DATA SECTION Start Marker

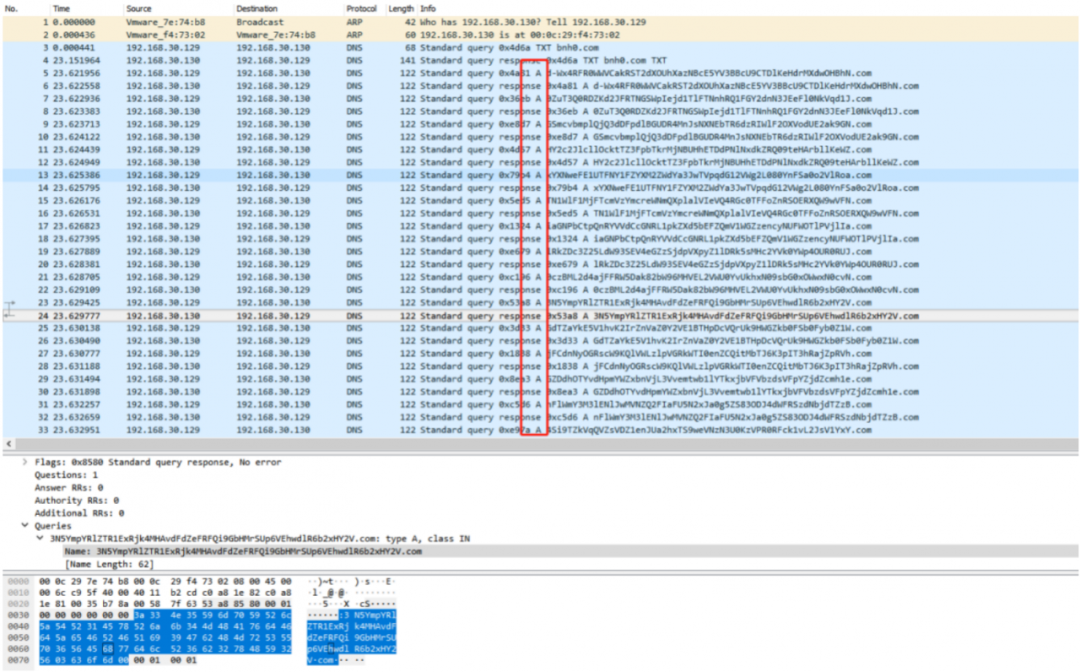 还可以看到所有dns包的udp五元组都是相同的,受控端和C&C复用了同一个udp会话进行dns隧道通信,dnscat2通过加密手段隐藏了CC服务器的域名,隐蔽性很好。
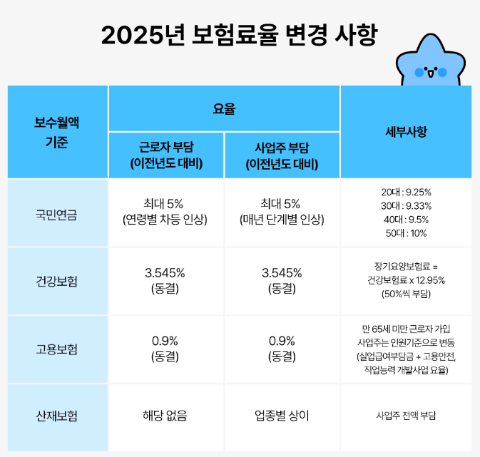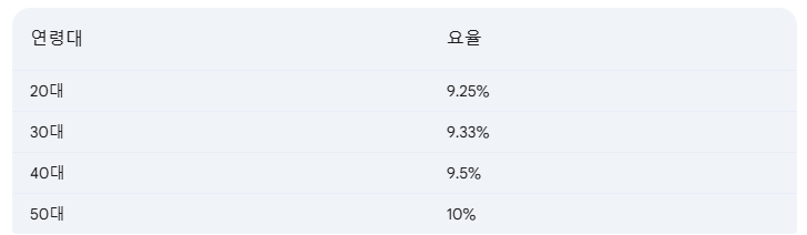 3. 연령대별 요율 인상: 50대의 경우 1%p 인상되어 10%가 적용되고(근로자와 사업주가 각각 5%씩 부담), 40대 이하도 연령대별로 0.25%p~0.5%p씩 인상되었습니다.
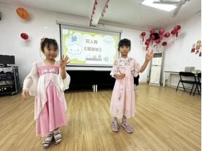 结业表演环节成为孩子们展示自我的舞台:杭昱垚的吉他弹唱《风吹麦浪》《你知道我的迷惘》悠扬动人,王梓妤的独唱《小美满》清甜治愈,刘雨晗与徐宇澄的双人舞《胭脂妆》灵动柔美。左思羽的竖笛演奏《欢乐颂》旋律悠扬,最令人惊喜的是全体学员合唱《蹦蹦跳跳》时,现场瞬间化作欢乐的海洋,孩子们用歌声传递着对暑托班的不舍与对未来的期待。

DATA SECTION End Marker

• [REQUIREMENT]:
Output the full listing verbatim, but drop the images.

• [REPLY]:
 还可以看到所有dns包的udp五元组都是相同的,受控端和C&C复用了同一个udp会话进行dns隧道通信,dnscat2通过加密手段隐藏了CC服务器的域名,隐蔽性很好。
 3. 연령대별 요율 인상: 50대의 경우 1%p 인상되어 10%가 적용되고(근로자와 사업주가 각각 5%씩 부담), 40대 이하도 연령대별로 0.25%p~0.5%p씩 인상되었습니다.
 结业表演环节成为孩子们展示自我的舞台:杭昱垚的吉他弹唱《风吹麦浪》《你知道我的迷惘》悠扬动人,王梓妤的独唱《小美满》清甜治愈,刘雨晗与徐宇澄的双人舞《胭脂妆》灵动柔美。左思羽的竖笛演奏《欢乐颂》旋律悠扬,最令人惊喜的是全体学员合唱《蹦蹦跳跳》时,现场瞬间化作欢乐的海洋,孩子们用歌声传递着对暑托班的不舍与对未来的期待。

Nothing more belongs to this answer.